Activity:
Pictures are to be left out, and every entry repeated exactly.

####

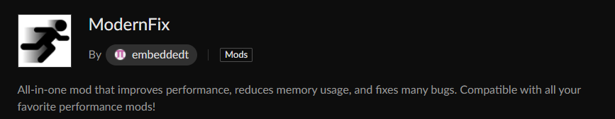ModernFix is a general optimization mod that acts as an all-in-one cleanup tool.
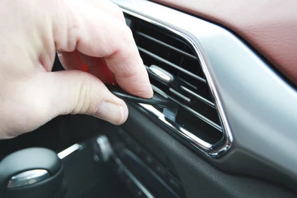 Press the thin end of the enclosed gap opener into the gap between the air vent and the surrounding frame, to widen the gap.
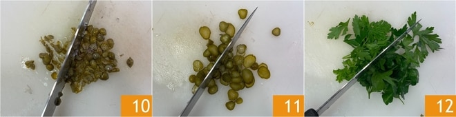 Pique também as alcaparras dessalgadas 10, os picles 11 e a salsinha 12.
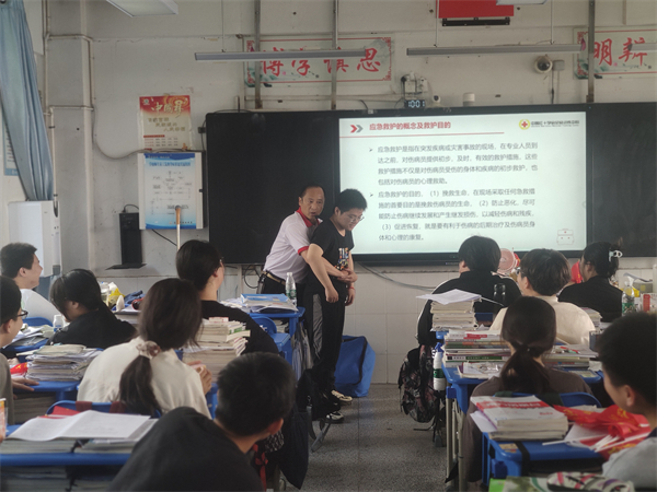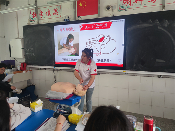 红十字会培训师们为师生们讲解了应急救护“黄金四分钟”,从呼吸心跳骤停的常见原因、心肺复苏的具体步骤和相关注意事项等方面做了指导教学,并对意外突发情况处理方法、止血包扎、溺水救护、骨折固定等知识进行详细讲解。
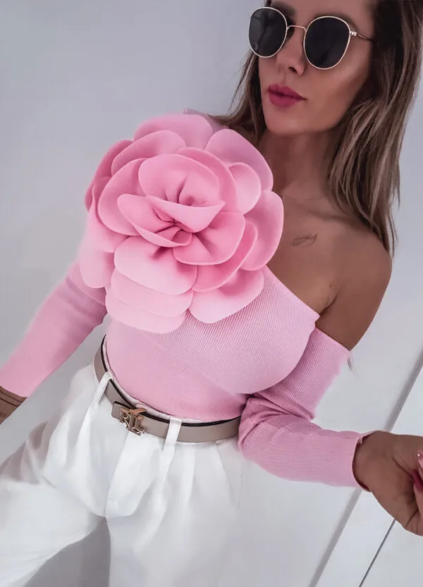 *Wzór: dzianinowa bluzka z ozdobną aplikacją.

####

Solved problem:
ModernFix is a general optimization mod that acts as an all-in-one cleanup tool.
 Press the thin end of the enclosed gap opener into the gap between the air vent and the surrounding frame, to widen the gap.
 Pique também as alcaparras dessalgadas 10, os picles 11 e a salsinha 12.
 红十字会培训师们为师生们讲解了应急救护“黄金四分钟”,从呼吸心跳骤停的常见原因、心肺复苏的具体步骤和相关注意事项等方面做了指导教学,并对意外突发情况处理方法、止血包扎、溺水救护、骨折固定等知识进行详细讲解。
 *Wzór: dzianinowa bluzka z ozdobną aplikacją.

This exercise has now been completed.